Data records
↓
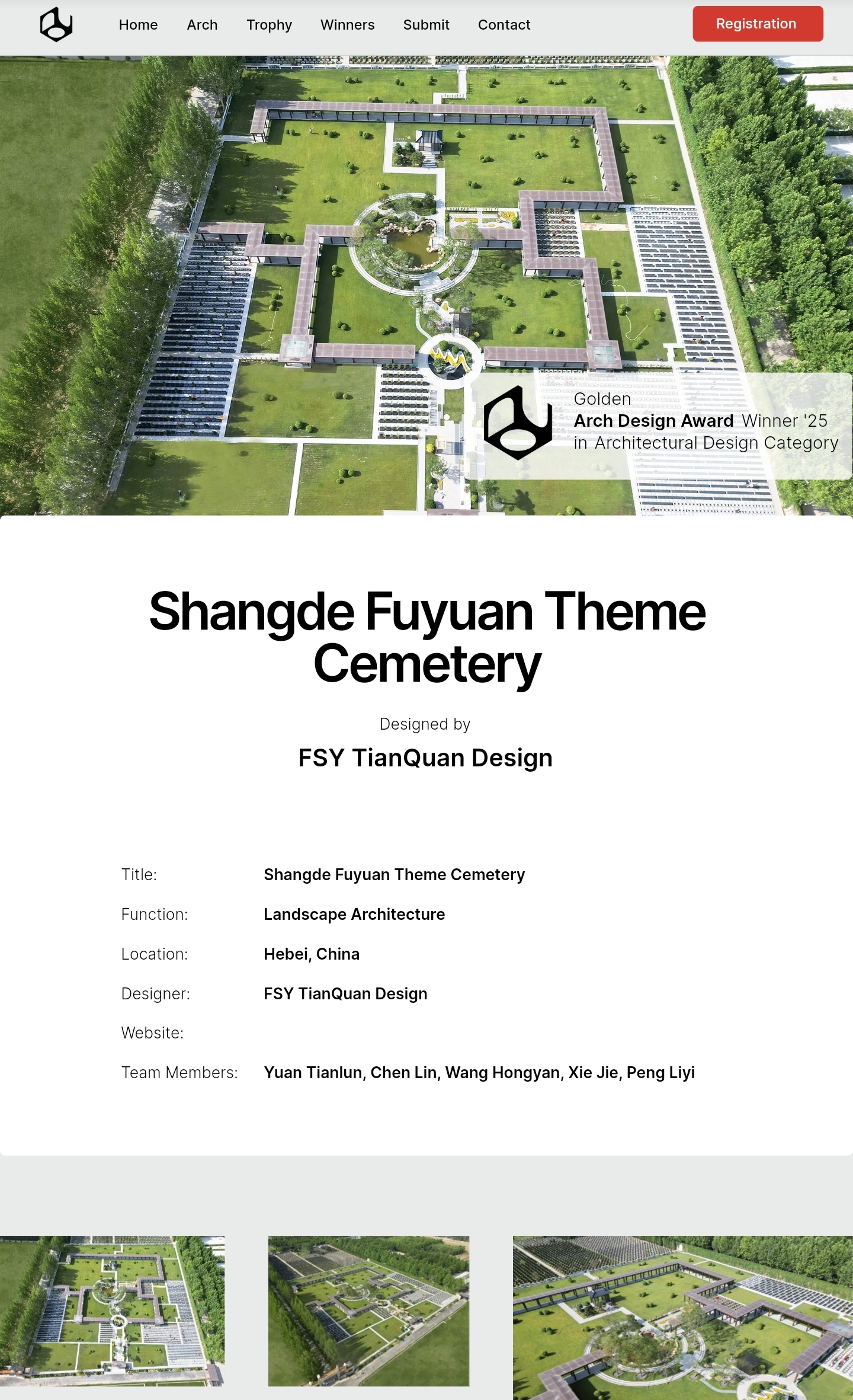 又双叒叕获奖啦!继入云山居之后,天泉佳境设计的【廊坊万寿园公墓·尚德府苑】在芬兰Arch设计大奖(Arch Design Award)的评审中赢得评委们的一致青睐,荣膺金奖。同时也将当代墓园设计内蕴的文化深度与独特美学语言,推向全球视野的焦点。
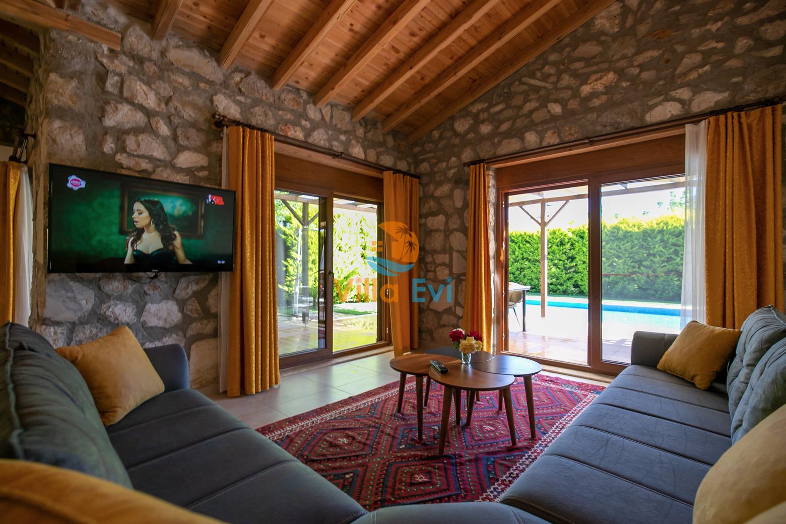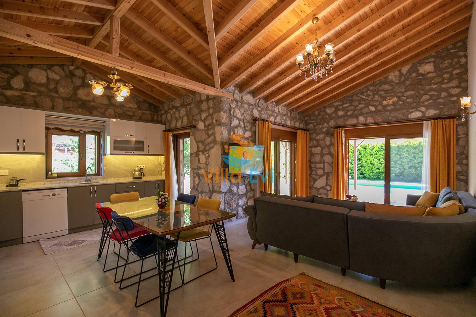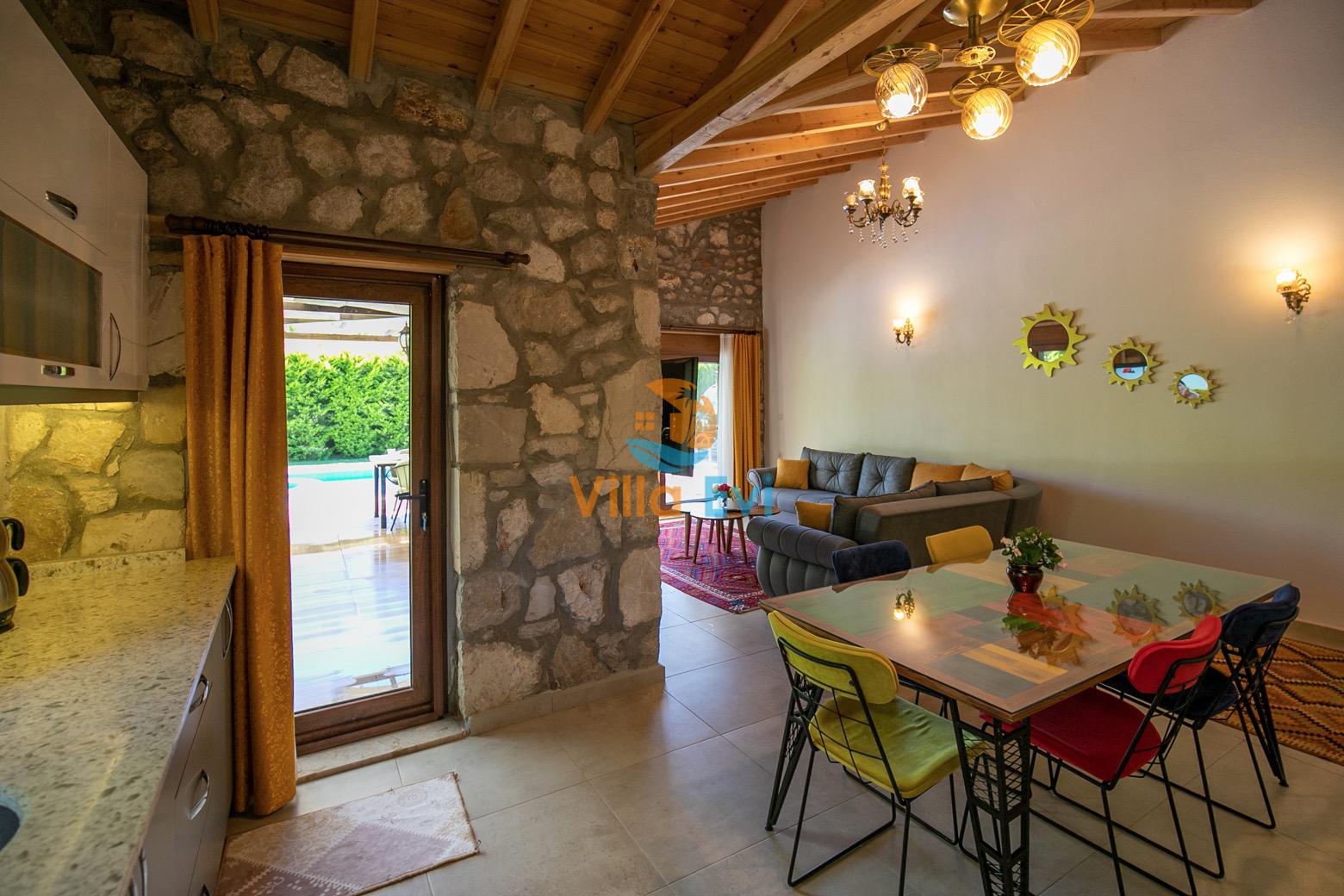 Villa Terra Su, Fethiye Kayaköy bölgesinde konumlanmıştır ve 2 yatak odasıyla, 4 kişilik konaklama imkanı sunar. Çocuk Havuzu ve temiz havası sayesinde son derece konforlu bir tatil geçirebileceğiniz Villa Su muhafazakar olarak dizayn edilmiş; çekirdek aileler ve balayı çiftleri için oldukça ideal seçeneklerden biridir. Geniş bahçe içerisinde taş ve ahşap mimari ile bezenerek kurulu olan villa oldukça kullanışlı ve zevkli bir şekilde döşenmiştir.
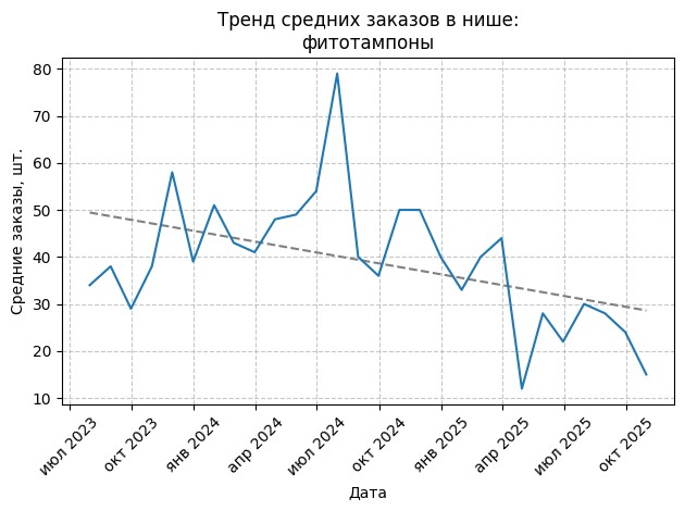 За год произошло значительное снижение средних продаж в нише на 24%.
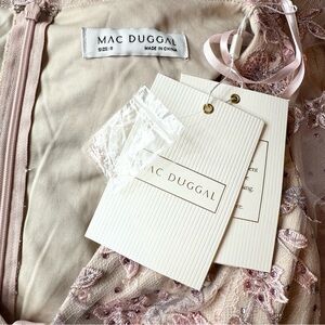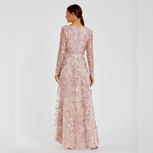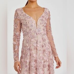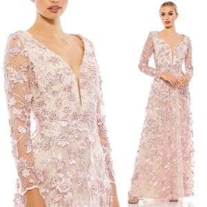Mac Duggal Pink Floral Applique Long Sleeve Illusion Gown Dress Size 8 NWT
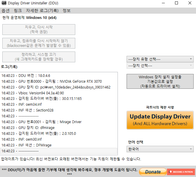 1. Display Driver Uninstaller (DDU) 를 이용한 디스플레이 드라이버 삭제 후 재설치
↑
Exercise
Give back the full listing verbatim, skipping each picture.

Answer section
 又双叒叕获奖啦!继入云山居之后,天泉佳境设计的【廊坊万寿园公墓·尚德府苑】在芬兰Arch设计大奖(Arch Design Award)的评审中赢得评委们的一致青睐,荣膺金奖。同时也将当代墓园设计内蕴的文化深度与独特美学语言,推向全球视野的焦点。
 Villa Terra Su, Fethiye Kayaköy bölgesinde konumlanmıştır ve 2 yatak odasıyla, 4 kişilik konaklama imkanı sunar. Çocuk Havuzu ve temiz havası sayesinde son derece konforlu bir tatil geçirebileceğiniz Villa Su muhafazakar olarak dizayn edilmiş; çekirdek aileler ve balayı çiftleri için oldukça ideal seçeneklerden biridir. Geniş bahçe içerisinde taş ve ahşap mimari ile bezenerek kurulu olan villa oldukça kullanışlı ve zevkli bir şekilde döşenmiştir.
 За год произошло значительное снижение средних продаж в нише на 24%.
Mac Duggal Pink Floral Applique Long Sleeve Illusion Gown Dress Size 8 NWT
 1. Display Driver Uninstaller (DDU) 를 이용한 디스플레이 드라이버 삭제 후 재설치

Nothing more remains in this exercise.